• EXERCISE GOAL: Write out the entries below once more, exactly, with the pictures left out.

** Opening ENTRIES SHOWN block **

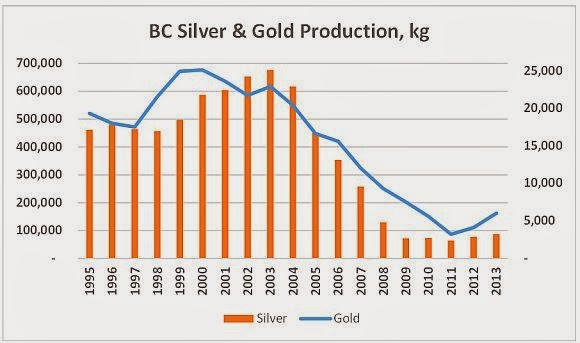 My examination of production and price statistics resulted in a concern about government’s ability to collect all of the taxes it is due. Under BC Liberals, downsizing and “red-tape” elimination has resulted in reliance on self-reporting of production volumes and revenue and expense reporting. Particularly in precious metals production, government has no way of accurately knowing what is due.
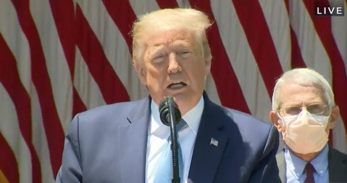 US president Donald Trump said NIH began developing COVID-19 vaccine on January 11 at a press conference on May 15. (Screenshot from C-Span)
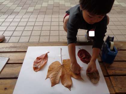 「きれいな色の落ち葉を探してるねん」と落ち葉を見せてくれた子どもがいました。先生が「うわぁ、きれいだね」と答えると、「これに顔をかくねん」と言います。
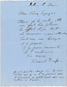 DUFY RAOUL (1877-1953). L.A.S. «Raoul Dufy», Salins-les-Bains [mai 1939], à André DUNOYER DE SEGONZAC ; 1 page in-4 sur papier bleu, enveloppe.
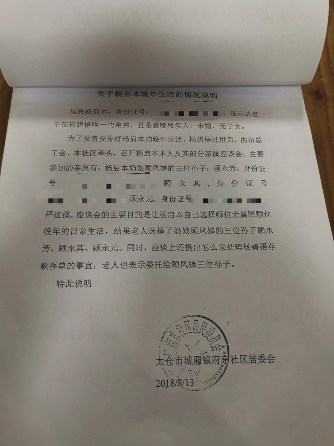 2014年6月,杨碧梧离世。府东社区居委会一份《关于杨启本晚年生活的情况说明》的材料显示,当时总工会和社区牵头,与顾家三兄弟及杨启本一起开了座谈会,让杨启本自己选择哪位亲属照顾他晚年的日常生活。
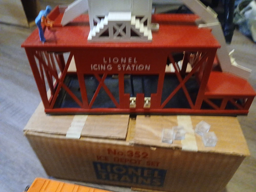 Lionel Postwar 352 ice station with box has 4 ice cubs and insert. Great condition everything works. See photos for best description thanks and see my other auctions.
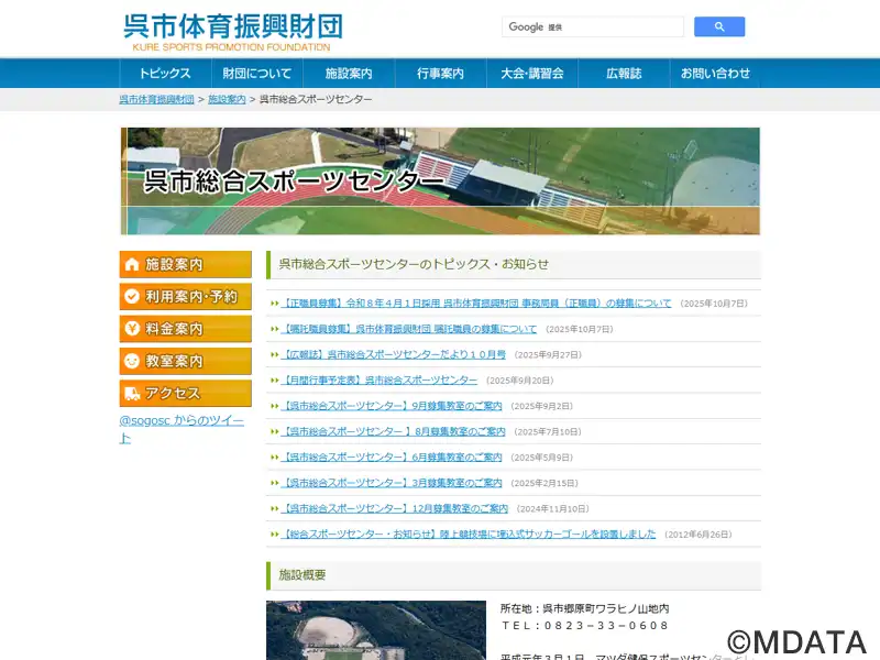 広島県呉市郷原にある陸上競技場。1989年に「マツダ健保スポーツセンター」として開業、2005年に呉市の施設となる。日本陸連第3種公認の全天候型400m×8レーンのトラックと天然芝フィールド、夜間照明、観客スタンドを完備し、各種大会や地域サッカーリーグの公式戦も開催される。なお、2023年11月に産業団地として民間へ売却。25年4月から一定期間スポーツ施設として借り受け、2028年4月新施設に移転予定。

** Closing ENTRIES SHOWN block **

• PROBLEM SOLUTION:
 My examination of production and price statistics resulted in a concern about government’s ability to collect all of the taxes it is due. Under BC Liberals, downsizing and “red-tape” elimination has resulted in reliance on self-reporting of production volumes and revenue and expense reporting. Particularly in precious metals production, government has no way of accurately knowing what is due.
 US president Donald Trump said NIH began developing COVID-19 vaccine on January 11 at a press conference on May 15. (Screenshot from C-Span)
 「きれいな色の落ち葉を探してるねん」と落ち葉を見せてくれた子どもがいました。先生が「うわぁ、きれいだね」と答えると、「これに顔をかくねん」と言います。
 DUFY RAOUL (1877-1953). L.A.S. «Raoul Dufy», Salins-les-Bains [mai 1939], à André DUNOYER DE SEGONZAC ; 1 page in-4 sur papier bleu, enveloppe.
 2014年6月,杨碧梧离世。府东社区居委会一份《关于杨启本晚年生活的情况说明》的材料显示,当时总工会和社区牵头,与顾家三兄弟及杨启本一起开了座谈会,让杨启本自己选择哪位亲属照顾他晚年的日常生活。
 Lionel Postwar 352 ice station with box has 4 ice cubs and insert. Great condition everything works. See photos for best description thanks and see my other auctions.
 広島県呉市郷原にある陸上競技場。1989年に「マツダ健保スポーツセンター」として開業、2005年に呉市の施設となる。日本陸連第3種公認の全天候型400m×8レーンのトラックと天然芝フィールド、夜間照明、観客スタンドを完備し、各種大会や地域サッカーリーグの公式戦も開催される。なお、2023年11月に産業団地として民間へ売却。25年4月から一定期間スポーツ施設として借り受け、2028年4月新施設に移転予定。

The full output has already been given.